Last week, a community advocacy coordinator for one of the nation’s most prominent foster youth organizations started building a webinar to provide young people in northern California access to self-soothing techniques as the coronavirus pandemic ravaged the state.
With much of the world sequestered, falling ill and losing work, Makayla James planned to spread the virtual message that there are healthy coping mechanisms to ward off fear and panic for those who have no families, offering some reassurance that they will get through this.

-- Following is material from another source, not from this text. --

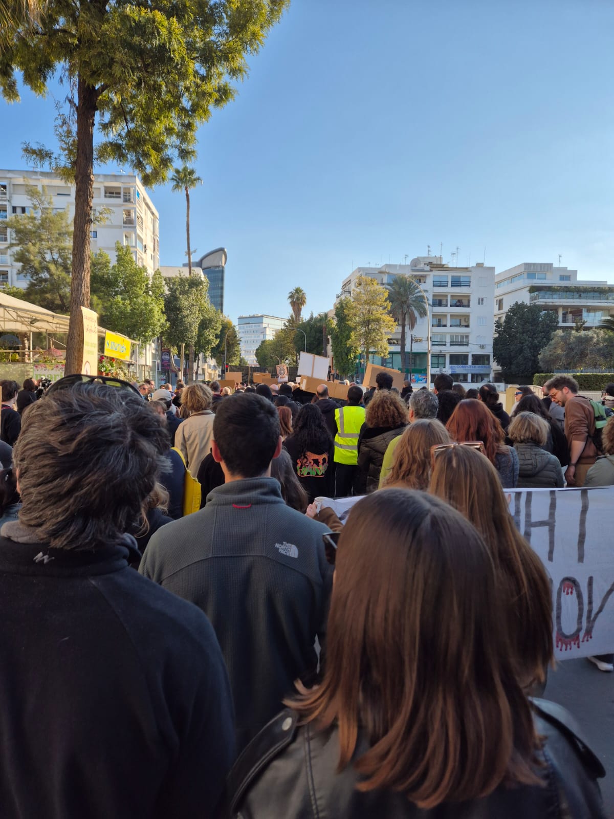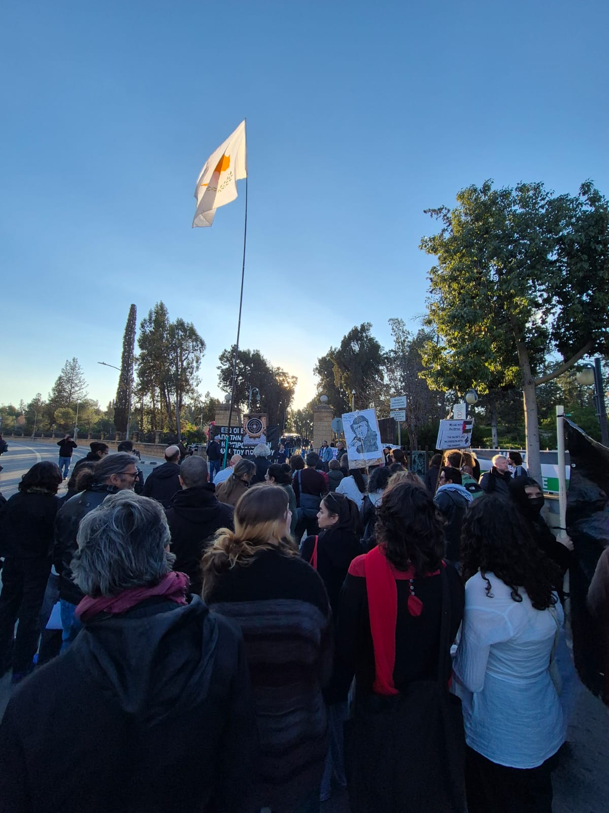 The march started at the Pasydy building in the centre of Nicosia and headed to the presidential palace. Among others it was also supported by BDS Cyprus, Cyprus Palestine Solidarity Action Far Right Watch CY, Genocide Free Cyprus, Queer Collective and United for Palestine.

Then, an email landed in her inbox: after nearly two years working for California Youth Connection (CYC), 25-year-old James was being laid off.
“It’s just unfortunate that a place where we found community and family in, that this is kind of the treatment that we have received because we’ve spent the last few years fighting for stability,” said James. “So not to see that mirrored is a very difficult thing.”
The three-decade-old California Youth Connection, under the leadership of Bay Area-based Executive Director Haydée Cuza, informed staff and the public on March 24 that the global pandemic was an opportune time to launch “CYC 3.0,” a move that involved laying off a total of 10 of its 17 employees. The majority are former foster youth.
On Monday evening, the CYC board of directors announced Cuza’s resignation, less than a week after she let most of her employees go. An email sent to an internal list after 7 p.m. Monday and signed by the entire board stated it was “saddened to witness the deep concern and hardship that has resulted from the layoff notices.”
Previously, the nonprofit group’s board of directors had said relatively little publicly about the staff lay-offs or how they intended to respond to Cuza’s actions. On Monday, an East Coast public relations firm specializing in crisis management responded to further questions sent to the board from The Imprint, saying that the board would release a statement on Tuesday.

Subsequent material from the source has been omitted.